Ага, вот и дети. Они здороваются с отцом, Скороход едва заметно улыбается: доволен. Не забывают. Молодцы.
– Садитесь, – предлагает он.
– Сядем, – весело отвечает Светка, а сама суетится: набивает продуктами тумбочку, а сверху, на крышку , положила несколько «систем», свежие газеты.
И потом только садится рядом с Павликом на подставленную им табуретку.
– Как там, дома? – выдержав паузу, смотрит на детей Скороход.
– Нормально, – кивает Павлик.
– Дома хорошо, – улыбается Светка.
Молчат. Скороход, видимо, вспомнил дом, который стоит почти в самом центре райгородка; от Гомеля, где он теперь лежит в пульманологии, полчаса езды на автобусе.
– Сено затащили на чердак? – Скороход посмотрел на капельницу, на детей.
– Ага. Затянули. И сразу к тебе, – ответила Светка.
– Одни? Или Верка со своим помогли?
– Одни...– опять ответила Светка.
Скороход недовольно хмыкает:
–А они, вишь, запанели. Только деньжат дай, батька. А фигу! Хватит! Всему когда-нибудь бывает конец!.. Свадьбу им сделай, еще какую-либо ерунду придумают. Я это им вспомню. Спать они будут мне в обнимку! А... а торфокрошку в хлев они хоть занесли? У ворот лежала куча. Я их просил, прежде чем в больницу уехать.
– Не видела я, – неуверенно шевельнула плечом дочь.
– И я не видел, – соврал Павлик, поскольку торфокрошка как лежала, так и лежит на том же месте.
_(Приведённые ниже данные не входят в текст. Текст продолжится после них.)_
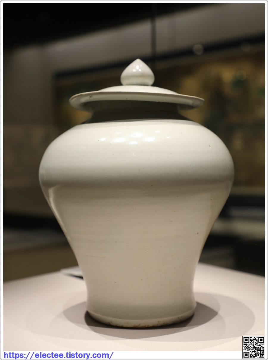보주형의 꼭지와 날렵한 모양의 뚜껑을 갖춘 항아리이다.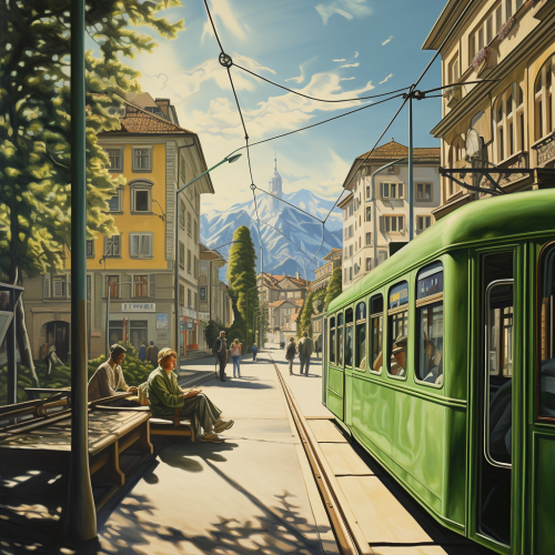Jahreszahlen der nächsten Jahre in Grüner Farbe auf einer Strasse in der Schweiz. Die nächsten vier Jahre sind sichtbar, danach verschwinden die Zahlen hinter dem Horizont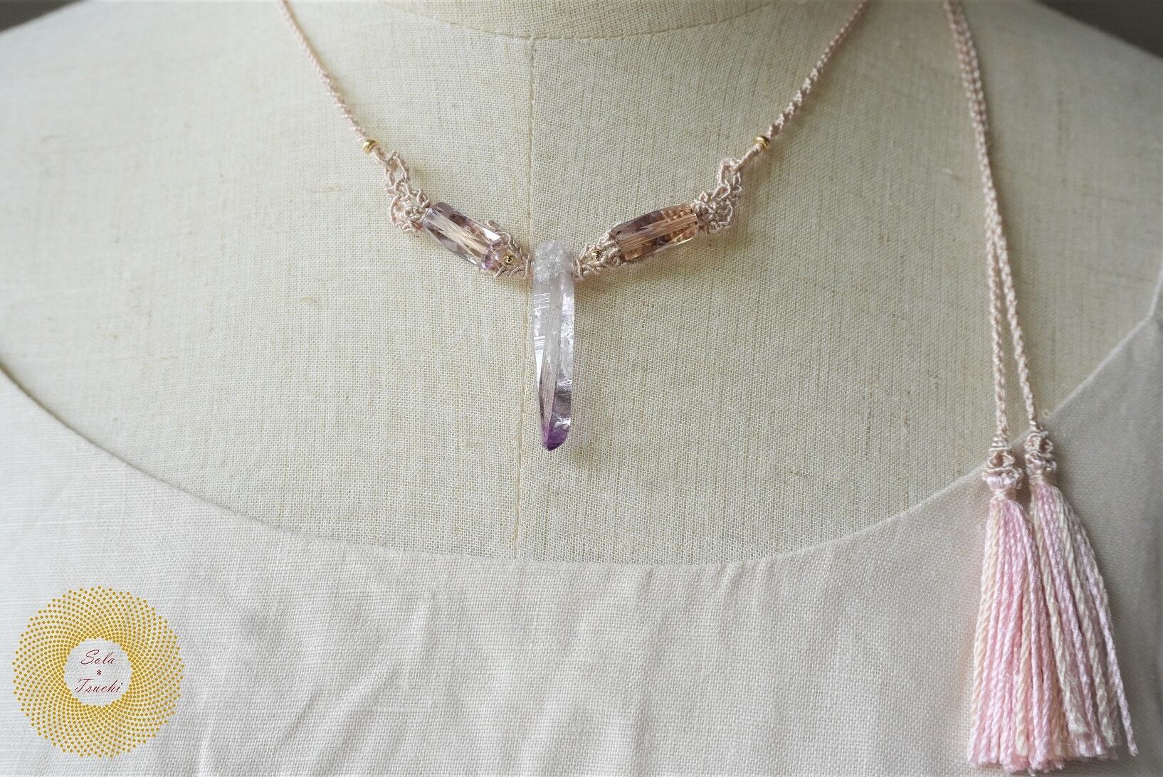 (絹糸)ベラクルス産アメジストとアメトリンのマクラメ編みペンダント 〜Celebrate〜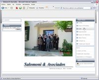 Cliente: Salomoni & Asociados - Asunción - Paraguay. Tema General: Estudio Jurídico. Resolución óptima: 800 x 600 - 1024 x 768. Compatibilidad: Internet Explorer, Mozilla Firefox y Netscape Navigator 4.0 o superior. Idioma: Español / Inglés Comentario: Rediseño general del Sitio web con programación PHP, MySQL, HTML, DHTML, Javascript client side, Flash, Contenido dinámico mediante Panel de Administración, AJAX. |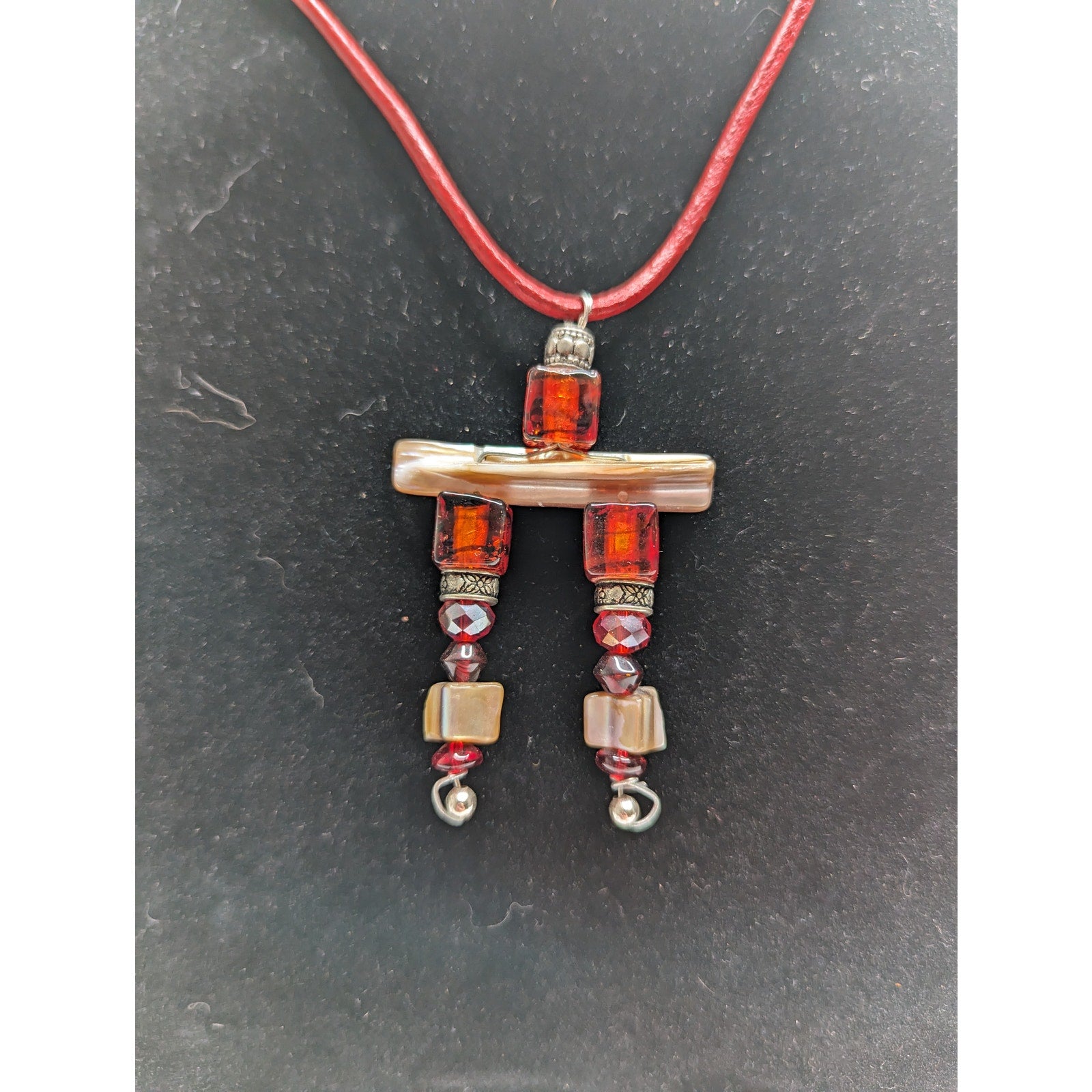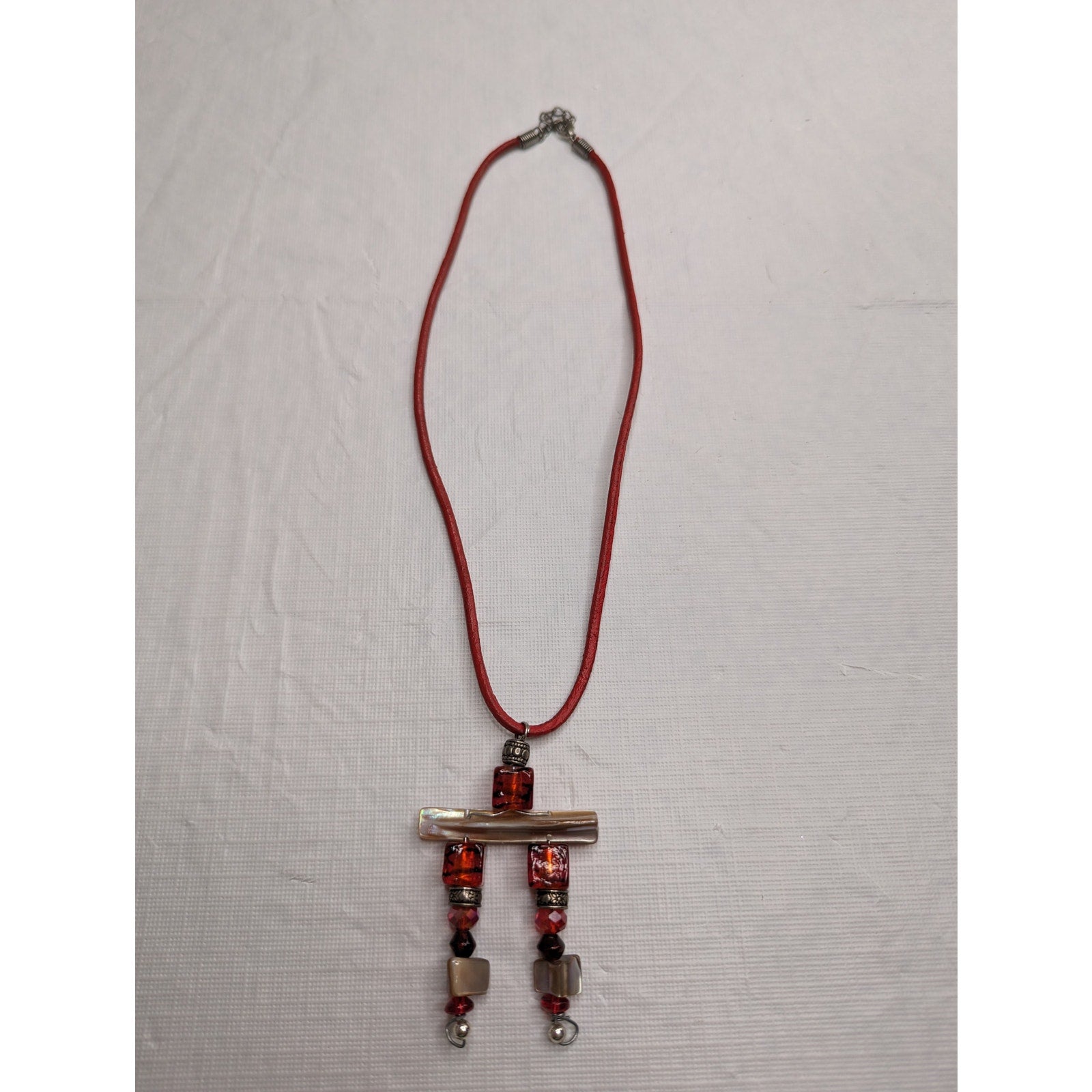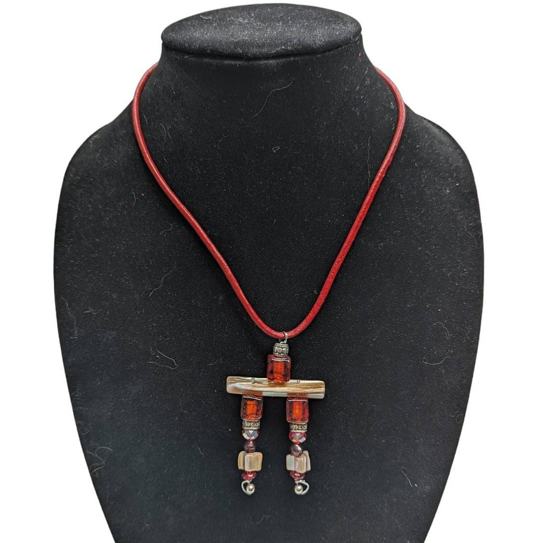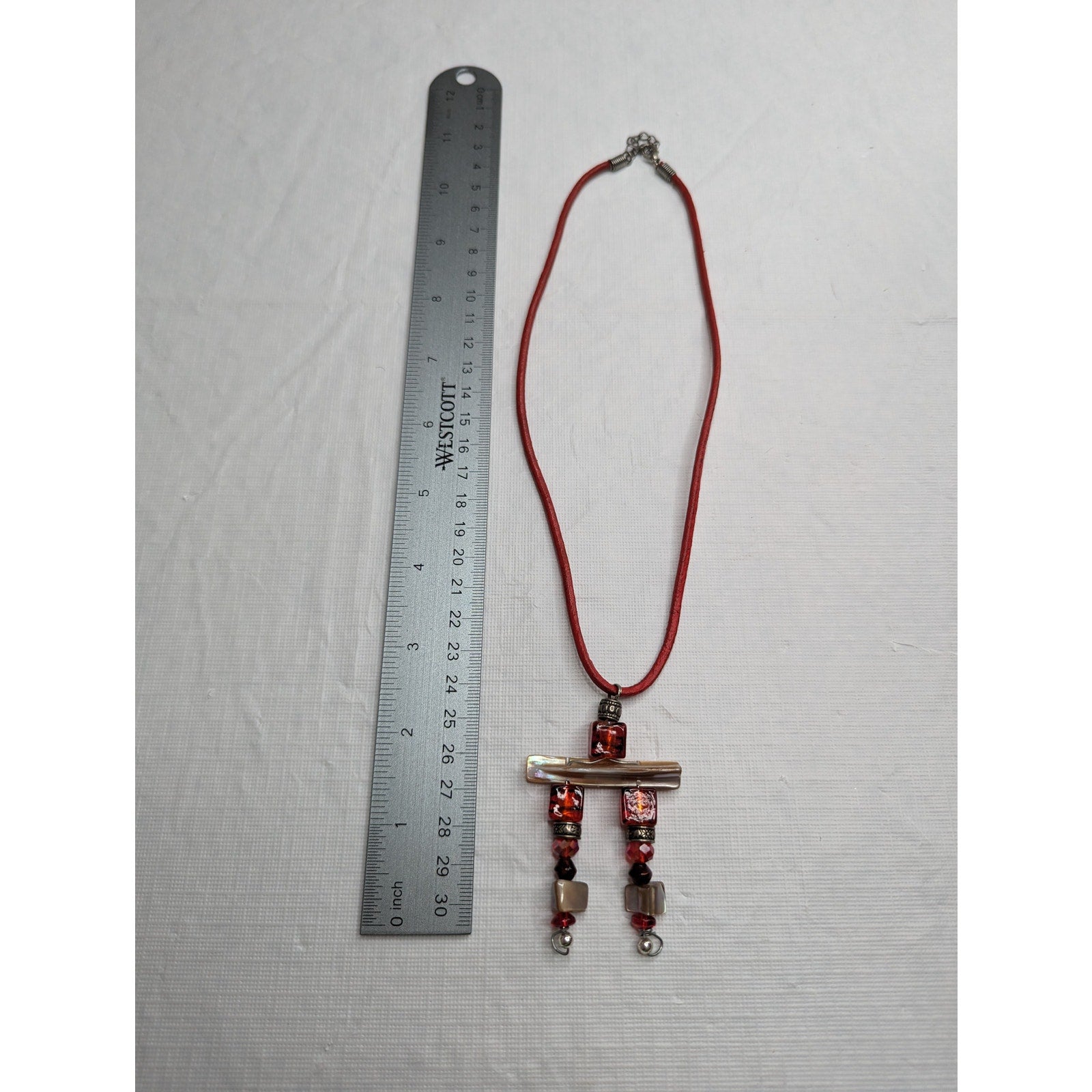 Vintage Rolled Rope Style Red and Beige Glass Pendant Necklace

– Ослепли, вижу, все,– ворчливо выговорил Скороход. – Лечиться надо. Очки покупать.
– Папа, – постаралась улыбнуться Светка, – тебе же нельзя волноваться. У тебя же сердце больное.
Вроде бы внял совету дочери. Но через минуту поинтересовался:
– Липу на дрова попилили? Или так и лежит?– Ясно, – опять скривился весь, вроде от зубной боли. Как день ясно. Вам бы только всем тянуть из меня последние жилы. Только бы есть да пить. Чувствую, без меня там и кролики подохнут. Павел, кролов кормишь?
– Кормлю...– Павлик потупился.
– «Кормлю...» , видать, кинешь одну на всех свеклину – и гулять. Смотри у меня, за каждого ответишь!.. За каждого!.. Спрошу!.. Тачанку, мать вчера говорила, сломали. Кто сломал? Молчите. А что тут скажешь? Ломать не строить, мать вашу!.. Вы хоть печь не развалите, пока я в больнице. Света!
– Ну, чего? – на глазах дочери показались слёзы.
– Ты не плачь, не плачь. Москва слезам не верит, а я что – должен верить? Не плачь. Помогай матери. Хватит баклуши бить, хватит!..
– Помогаю... – дочь вытерла носовым платком слёзы.